The only remains of Spanish grandeur in the village are the two ramshackle coaches that are used for hearses at state funerals. Most of the larger houses are, however, in repair, although the canvas ceilings and the board partitions seem to be in need of paint. These houses occupy the center of the town. They are of frame construction, painted blue and white. The floors are made of rosewood and mahogany; the windows fitted with translucent shell. Storehouses occupy the first floor, while the living rooms are reached by a broad flight of stairs. A bridge connects the dining-room with the kitchen, where the greasy cook, often a Moro slave, works at a smoky fire of cocoanut-husks on an earth bottom, situated in an annex to the rear.
A walk through the main street leads past a row of native houses, built on poles and shaded by banana-trees. You are continually stepping over mats spread out and covered with pounded corn, while pigs and chickens are shooed off by the excitation of a piece of nipa, fastened to a string and operated from an upper window of the house. A small tienda opens from each house, with frequently no more than a few betel-nuts on sale. The front is decorated with the faded strips of cloth or paper lamps left over from the last fiesta, while the skeleton of a lamented monkey fixed above the door acts as a charm to keep away bad luck. A parrakeet swings in the window on a bamboo perch, and in another window hangs an orchid growing from the dried husk of a cocoanut. Under the house the loom is situated, where the women weave fine cloth from piña and banana fibers—and the wooden mortar used for pounding rice. After the harvest season it is one of the Visayan customs to inaugurate rice-pounding bees. Relays of young men, stripped for work, surround the mortar, and, to the accompaniment of guitars, deliver blows in quick succession and with gradually increasing speed, according to the measure of the music.

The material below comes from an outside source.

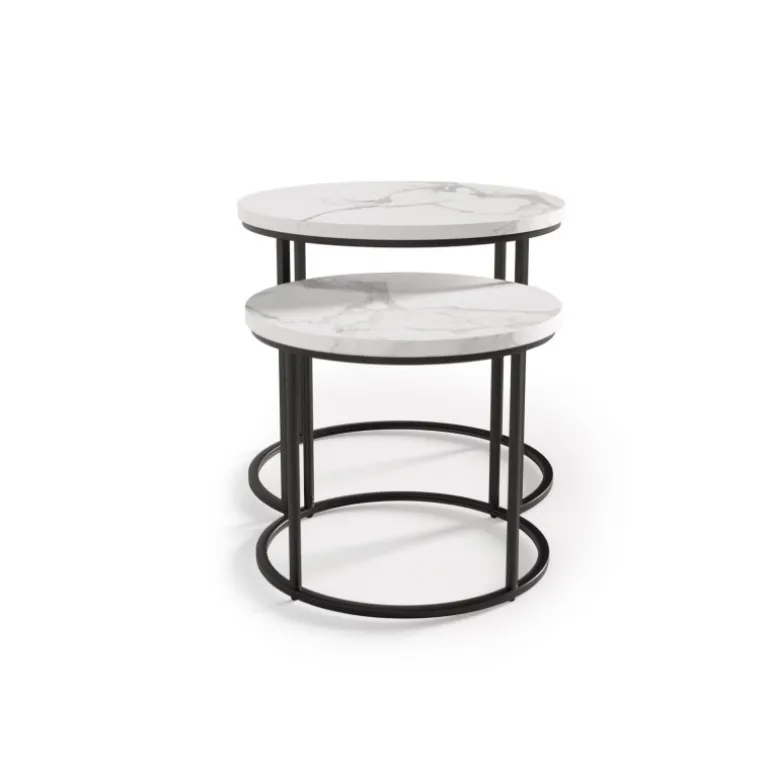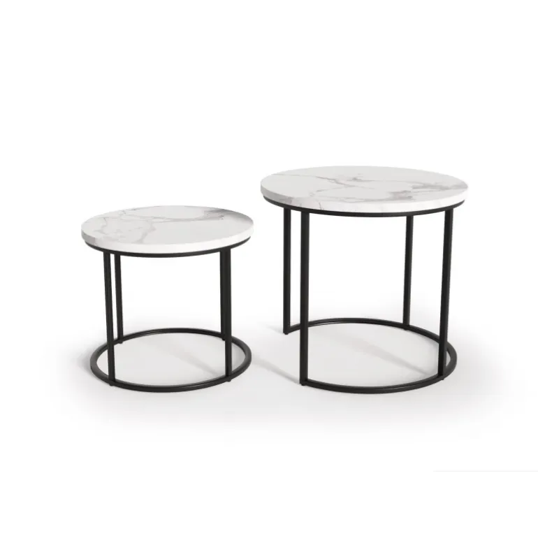 Oplev elegance og funktionalitet med OREO Sæt af To Sofaborde i hvid marmor og Sort. Disse borde er designet til at tilføje et stilfuldt touch til dit hjem. OREO sofabordene er fremstillet af lamineret MDF og pulverlakeret stål, hvilket sikrer holdbarhed og langvarig brug. Med deres moderne design og tidløse farvekombination passer de perfekt ind i enhver indretning. De to borde kommer i forskellige størrelser, hvilket giver dig fleksibilitet til at arrangere dem efter behov.

In the cool shade of the ylang-ylang tree a native barber is intent upon his customer. The customer sits on his haunches while the operation is performed. When it is finished, all the hair above the ears and neck will be shaved close, while that in front will be as long as ever. The beard will not need shaving, as the Filipino chin at best is hardly more aculeated than a strawberry. The hair, however, even of the smallest boys grows for some distance down the cheeks. The Filipino, when he does shave, takes it very seriously, and attacks the bristles individually rather than collectively.
You will not remain long in a Filipino town without the chance of witnessing a native funeral. A service of the first class costs about three hundred pesos; but for twenty pesos Padre Pedro will conduct a funeral of less magnificence. The padre, going to the house of mourning where the band, the singers, and the candle-bearers are assembled, engineers the pageant to the church. The dim interior will be illuminated by flickering candles burned in memory of the departed soul. Before the altar solemn mass is held, intensified by the deep tolling of a bell. Led by three acolytes in red and white, with silver crosses, the procession moves on to the cemetery on the outskirts of the town. The padre sheltered by a white umbrella, reads the Latin prayers aloud. A small boy swings the smoking censer, and the singers undertake a melancholy dirge. The withered body, with the hands crossed on the breast, clothed all in black, is borne aloft upon a bamboo litter, mounted with a black box painted with the skull and bones, and decked with candles. Women in black veils with candles follow, mumbling prayers, the words of which they do not understand.